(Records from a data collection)
= = =
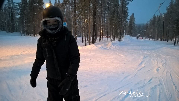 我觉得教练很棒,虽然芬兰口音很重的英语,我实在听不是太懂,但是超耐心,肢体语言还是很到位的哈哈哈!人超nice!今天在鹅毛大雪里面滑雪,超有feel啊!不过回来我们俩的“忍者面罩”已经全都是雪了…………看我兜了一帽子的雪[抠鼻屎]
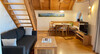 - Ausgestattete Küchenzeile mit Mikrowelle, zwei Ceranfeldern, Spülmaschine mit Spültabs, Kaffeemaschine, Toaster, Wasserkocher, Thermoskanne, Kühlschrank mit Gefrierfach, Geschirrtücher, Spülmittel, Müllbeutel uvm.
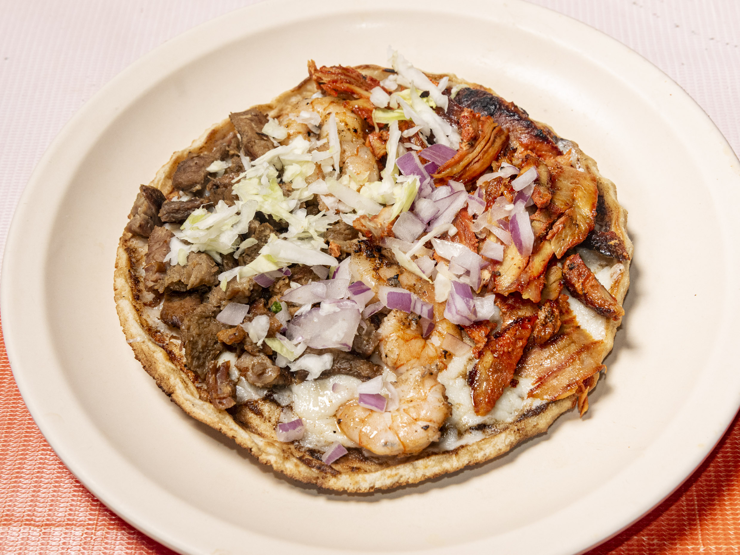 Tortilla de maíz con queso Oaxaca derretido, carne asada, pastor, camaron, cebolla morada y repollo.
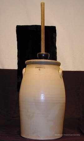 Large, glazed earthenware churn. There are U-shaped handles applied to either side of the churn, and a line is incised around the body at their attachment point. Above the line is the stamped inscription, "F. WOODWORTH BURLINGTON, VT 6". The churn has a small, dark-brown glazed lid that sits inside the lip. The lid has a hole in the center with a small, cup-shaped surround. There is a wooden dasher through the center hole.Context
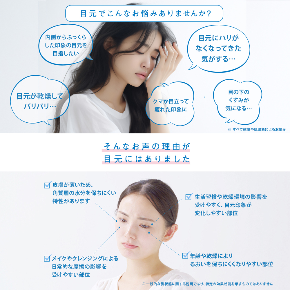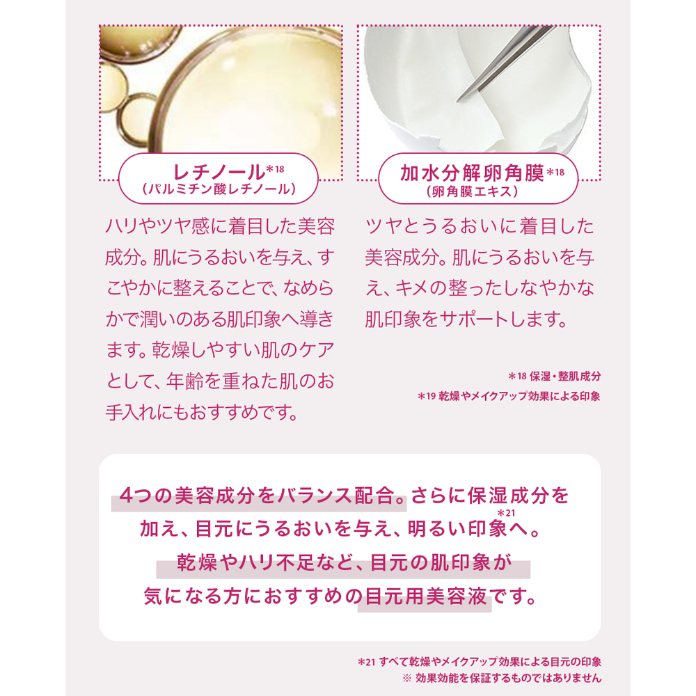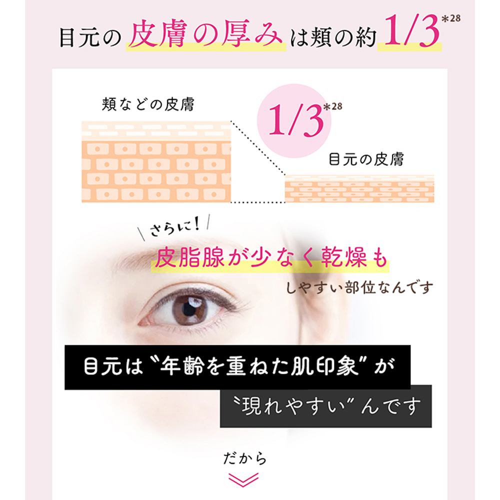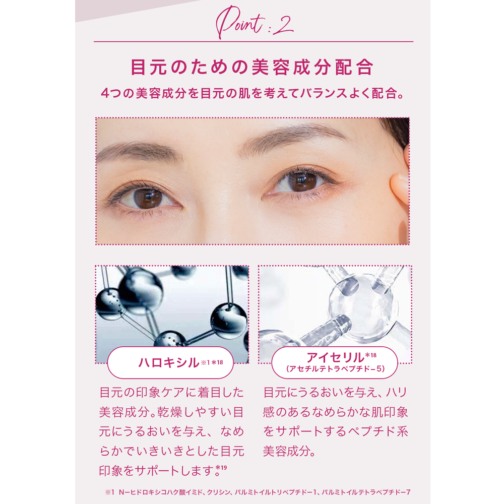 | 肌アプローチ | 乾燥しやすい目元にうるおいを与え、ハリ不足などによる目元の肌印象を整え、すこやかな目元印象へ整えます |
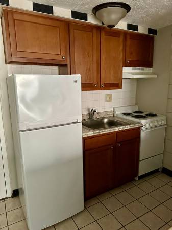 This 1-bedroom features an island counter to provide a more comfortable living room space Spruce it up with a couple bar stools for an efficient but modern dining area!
= = =
PROBLEM DETAILS
Please transcribe, word for word, every line from the first line of the records above through the line containing "- Ausgestattete Küchenzeile", and leave out any pictures.

COMPLETED EXERCISE
 我觉得教练很棒,虽然芬兰口音很重的英语,我实在听不是太懂,但是超耐心,肢体语言还是很到位的哈哈哈!人超nice!今天在鹅毛大雪里面滑雪,超有feel啊!不过回来我们俩的“忍者面罩”已经全都是雪了…………看我兜了一帽子的雪[抠鼻屎]
 - Ausgestattete Küchenzeile mit Mikrowelle, zwei Ceranfeldern, Spülmaschine mit Spültabs, Kaffeemaschine, Toaster, Wasserkocher, Thermoskanne, Kühlschrank mit Gefrierfach, Geschirrtücher, Spülmittel, Müllbeutel uvm.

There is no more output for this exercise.